The four central characters had the most emotional effect on both Mike and me. Mike found much to love in the song that bears his name, "Michael in the Bathroom." And I could totally relate to "I Love Play Practice." Seems we both had our high school anxieties and insecurities, and these numbers were painfully on the nose. And seeing them performed with such endearing intensity by George Salazar and Stephanie Hsu, respectively...let's just say, tears were shed. Both are as guilty as the rest of overacting, but somehow, both make it work. Perhaps it's because they offer a nice counterpoint to Will Roland's (relatively) more grounded central portrayal. Roland is leagues better here than in last year's teen "it" show, Dear Evan Hansen. He brings a humanity to the well-worn geek trope, and he sings the hell out of the act one closer, "Loser Geek Whatever." (And he looks great in his Halloween costume...)

It shouldn't be a surprise that the best performance of the evening comes from the most experienced actor in the show, Jason Tam, who is mysterious, sexy as all get out, and all out villainous as The Squip - an embodiment of the nano computer swallowed to make the geek turn chic. Watching him evolve is one of the great pleasures of this production. He is captivating in all the right ways, especially when he executes Chase Brock's excellent techno-choreography. Where do I go to learn those hand movements? Seriously. Even The Squip's costumes are amazing as they become more and more computerized - kudos on this, Mr. Tilley!

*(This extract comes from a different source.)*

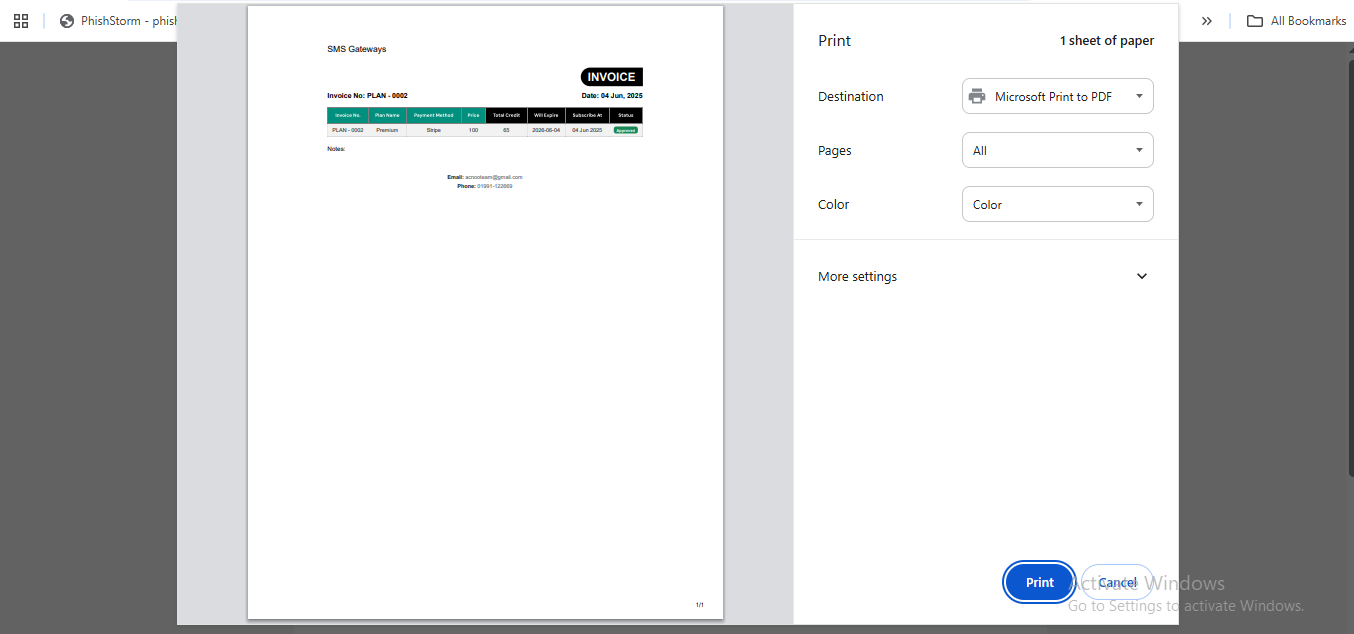 When click print button you see below screen. Now you are able to save or print this invoice.

Clearly, had the rest of the show been as good as the material for the four main characters, this would have been outstanding. Truth be told, I can't say that I wouldn't have been tempted myself to get caught up in all of the hype that led to this Broadway run. I mean a bazillion downloads of a not-quite-regional cast recording, a trazillion pieces of fan art that explore every millisecond of a show most of the artists haven't even seen sure smells like a hit. Follow that with nearly instant sell-out of an off-Broadway run, and it would be stupid not to go bigger, right? So far so good - ticket sales are brisk and the audience screams are at such a decibel that the century old Lyceum Theatre's foundation may be in peril.

But...what is that saying about believing your own press?

Will this last? The middle school/early high school audience that this is aimed at is a fickle one. The next "big thing" is just around the corner and the shelf-life clock is ticking. How long will it take before these kids realize the BMC isn't much more than Mountain Dew injected Disney Channel movie with swearing. (For people who are older, read: After School Special on Jolt Cola with cuss words.) Funny that a simple, judicious editing pencil and a sincere attempt at going a little deeper would definitely add to its shelf life, and might even make the parents who will have to tag along feel better about the hundreds they have to shell out for this experience. One last thought: how long will it be before the fans realize they have been pandered to in the worst way? Excess has the staying power of a sugar rush.

Be More Chill would have been so much better if it were a lot more...chill.